Created on: July 31, 2007

"If one feels the need of something grand, something infinite, something that makes one feel aware... I think that I see something deeper, more infinite, more eternal than the ocean in the expression of the eyes of a little baby when it wakes in the morning and coos or laughs because it sees the sunrise" -Vincent Van Gough

The Sun creates the visible world around us, without its light there is darkness, coldness and death. It is no wonder our first mythological God/Goddess was The Sun, praised and worshiped in various forms, from the moment we could first cogitate about the apparent death and rebirth of the sun and therefore ourselves. Perhaps we instinctively realised that without the Sun there would be no life on earth, and soon incorporated mythological rituals to worship this ultimate giver of life. The oldest recorded interpretations of the Sun were discovered at the Apollo 11 Cave in the Huns Mountains of south-western Namibia, Africa. An incised ochre cave painting dated at 100,000 B.C, which is also the generally accepted date for the rise of Homo sapiens. Though interestingly enough, there were very few societies, which exclusively worshipped the sun as their prime God/Goddess.

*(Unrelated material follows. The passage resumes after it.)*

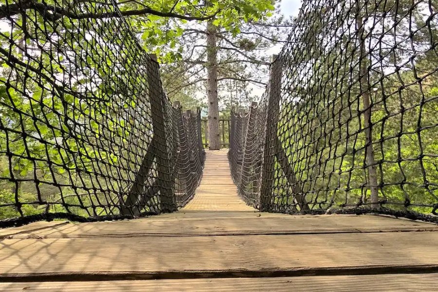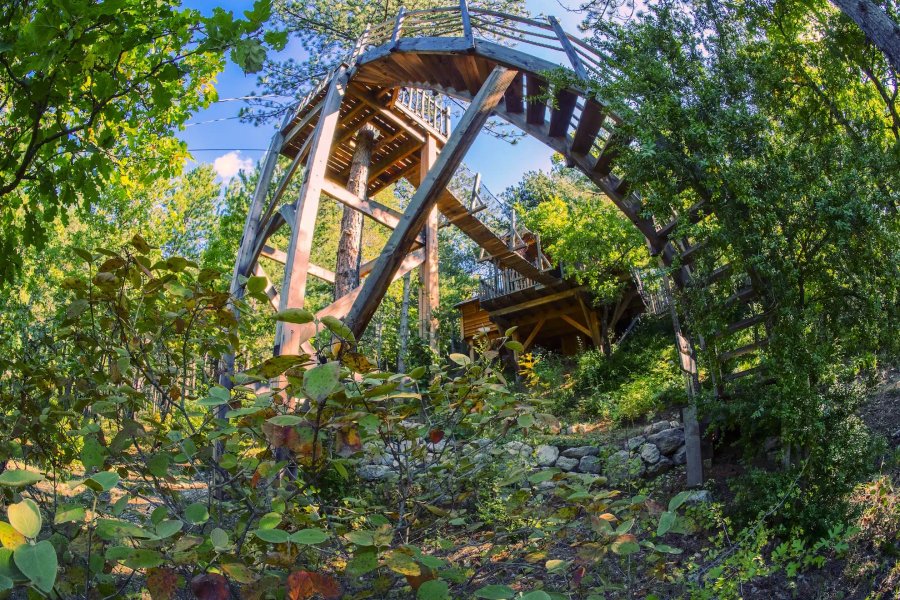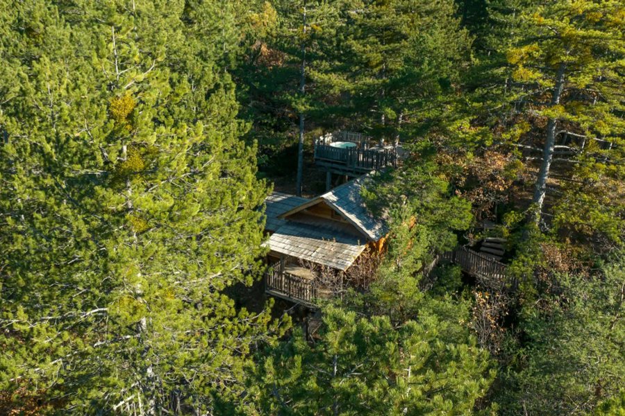 Cabane Épine Vinette – Une bulle perchée entre ciel et forêtPerchée à 6 mètres de hauteur, la cabane Épine Vinette se cache au cœur d’une pinède préservée, dans le domaine enchanteur des Cabanes du Pas de la Louve.

"A woman who awakens daily in her camp in the east, lights a fire, and prepares the bark torch she will carry across the sky. Before setting out, she decorates herself with red ochre, which she spills, colouring the clouds red. Upon reaching the west, she reapplies her paint, again spilling reds and yellows in the sky, before returning home underneath the earth, where her torch warms the earth from below." -Aboriginal Sun Myth

The Australian Aborigines are the oldest surviving single culture, dated to over 50,000 BC in their origins. For them the sun was a divine feminine being, one of many, as it was in most cultures that pre-date, the late ancient Egyptian turn to patriarchy that was affirmed in new European culture by the Greeks onwards. Many tribal languages in Africa today, still use the name of the Sun; Ashanti-Nyankopan, Barotse-Nyambi, and Dogon-Amma, as the name for their supreme being. However like the Greek-Helios and Sumerian-Utu, although all powerful, the Sun was not assigned a specific major role in everyday ritual. That is until Akhenaton in ancient Egypt around 1352 BC.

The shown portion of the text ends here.